Seguindo criteriosamente as recomendações de procedimento daquele órgão gerenciador alemão, as duas escolas paulistas, em seus planos de ensino e em atendimento às necessidades do currículo alemão, mas também ao currículo brasileiro, indicam o trabalho com textos literários e não-literários, para o reconhecimento de gêneros e o descobrimento de características de textos épicos e líricos. Especificamente para a quinta série, é indicado o trabalho com narrativas orais e escritas, com o reconhecimento e uso de meios verbais e não- verbais de expressão, em inserção dos alunos em universos culturais diferenciados e em valorização da pluralidade cultural. Os conteúdos recomendados para a educação lingüística

tratam, por sua vez, pontual e especificamente, da análise de fábulas, contos e lendas naquela referida série.

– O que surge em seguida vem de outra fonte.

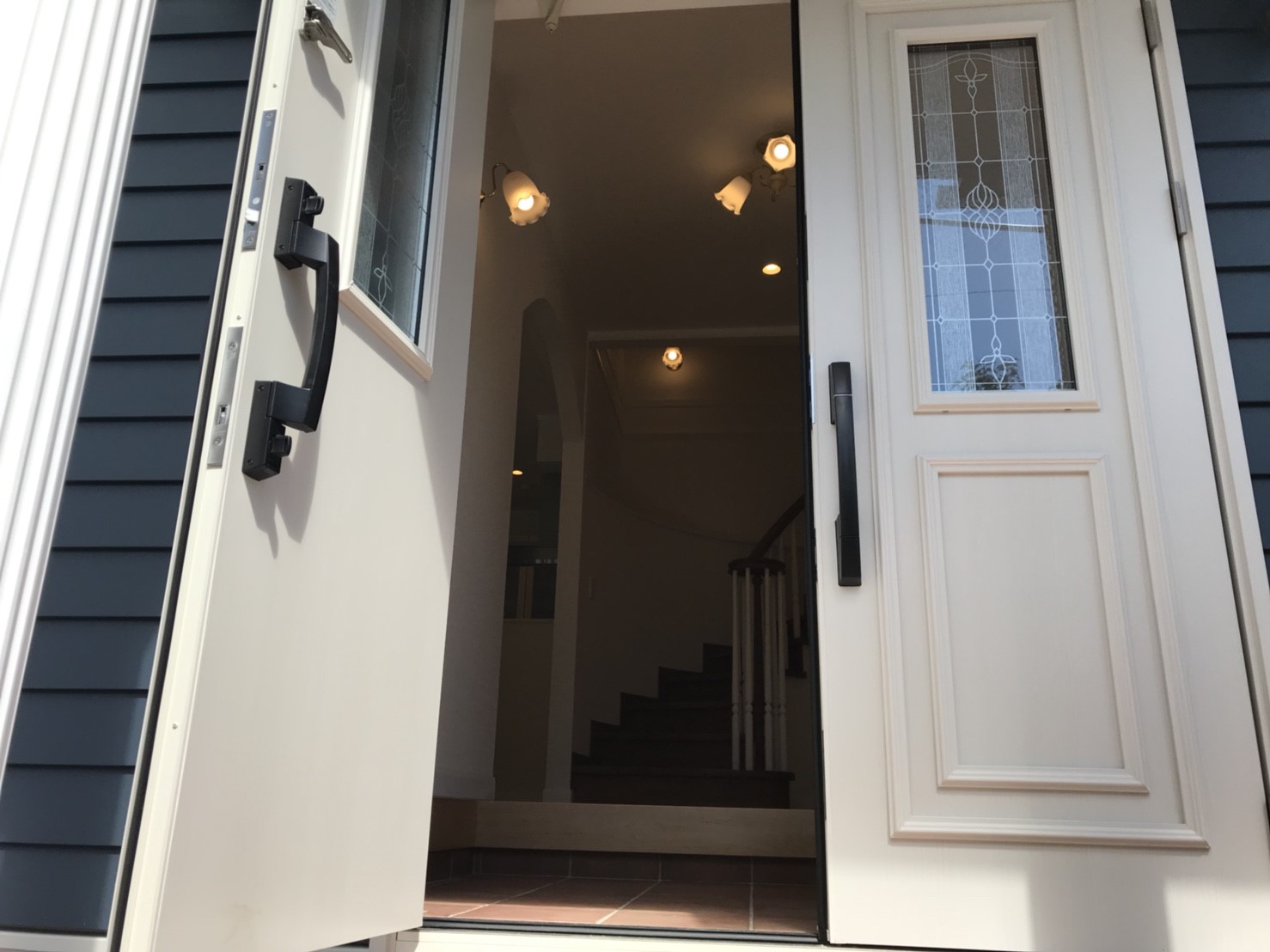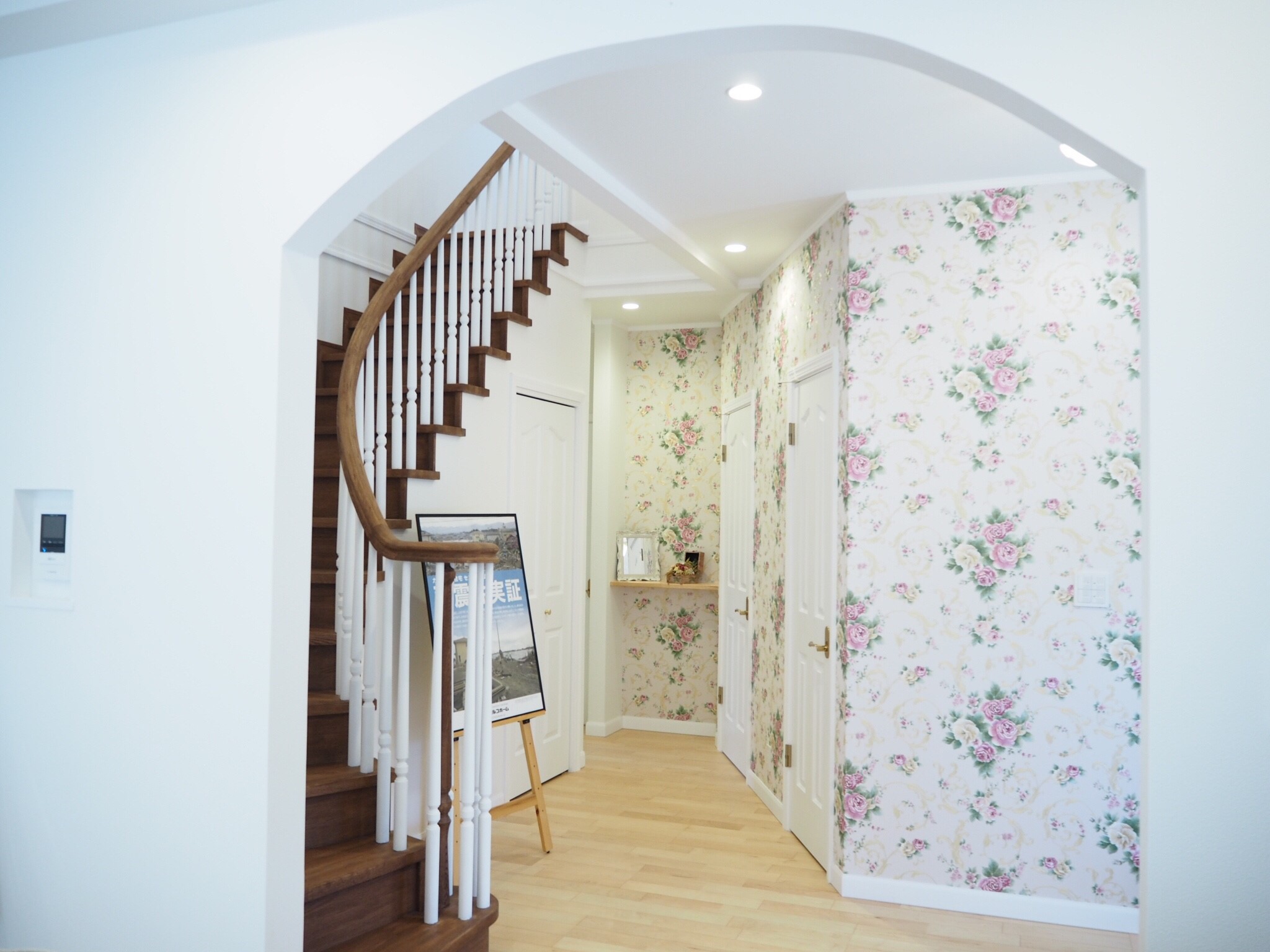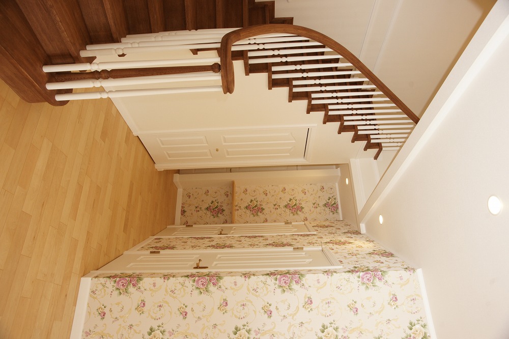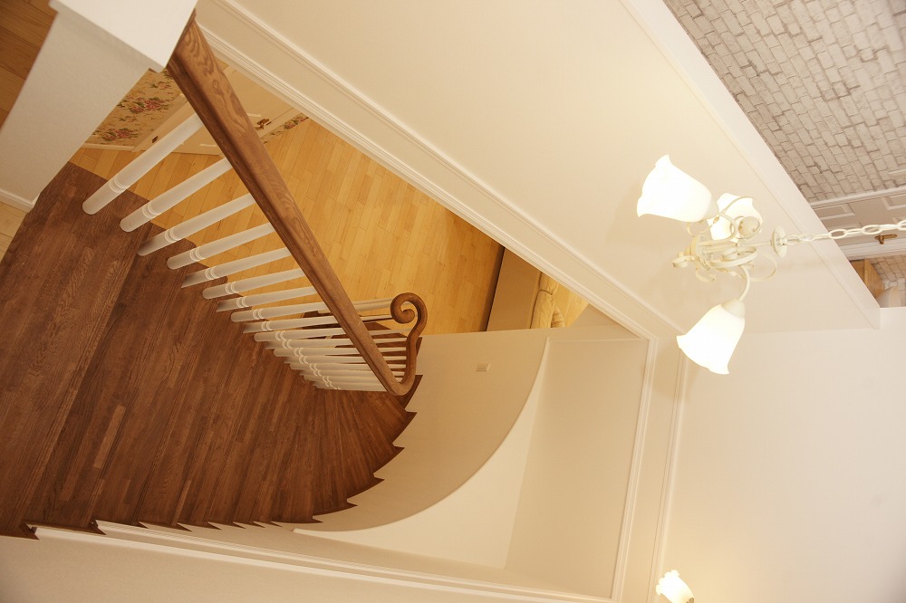 外壁はレンガとラップサイディングを使い分けたクイーンアンスタイル 大きな玄関扉を開けた正面には奥様憧れのサーキュラー階段があり、来訪者を圧倒します。 ご夫婦ともに遊び心に溢れており、隠し部屋があるなどいつまでも童心を忘れないスタイルが反映された邸宅です。 【クイーンアンスタイル 施工面積:152.30㎡(46.07坪)】

A preocupação específica com temas culturais e literários naquelas escolas bilíngües que, como vimos, atende às exigências das indicações curriculares de ambos os países, encontra lastro também nos Parâmetros Curriculares Nacionais, elaborados pelo Ministério da Educação e Cultura brasileiro. Nele, é dada grande ênfase ao respeito às diversidades regionais e culturais, sendo firmada ali a necessidade de se tratar do que no documento foi denominado de “temas sociais urgentes”, no âmbito das diferentes áreas curriculares e no convívio escolar. Ao fazer menção ao binômio “culturas locais e patrimônio universal”, os PCNs registram que “a função da escola em propiciar um conjunto de práticas preestabelecidas tem o propósito de contribuir para que os alunos se apropriem de conteúdos sociais e culturais de maneira crítica e construtiva”. Segundo ele, “a escola, ao tomar para si o objetivo de formar cidadãos capazes de atuar com competência na sociedade, buscará eleger, como objeto de ensino, conteúdos que estejam em consonância com as questões sociais que marcam cada momento histórico, cujas aprendizagem e assimilação são as consideradas essenciais para que os alunos possam exercer os seus direitos e deveres”. No que tange à preocupação específica com as formas de produção cultural, há indicação pontual e clara para o levantamento da tradição oral, no item “O ser humano como agente social e produção de cultura”; nele, também se recomenda o conhecimento, o respeito e a valorização das diferentes linguagens pelas quais se expressa a pluralidade cultural, o conhecimento de usos e costumes de diferentes grupos sociais, em sua trajetória histórica ou o conhecimento e a compreensão da língua como fator de identidade na interação sociopolítica e cultural. Naquele ponto é registrado que “na literatura, há um trabalho fértil a ser realizado sobre os movimentos e as escolas literárias, particularmente tendo em vista a constituição da identidade nacional, como obra constante e coletiva; a visão crítica dos valores de diferentes épocas; a denúncia e/ou as reivindicações de diversos grupos sociais, por intermédio das suas

criações literárias”. E esses itens corroboram a preocupação minuciosa contida naquelas indicações curriculares seja com temas socioculturais ou literários140.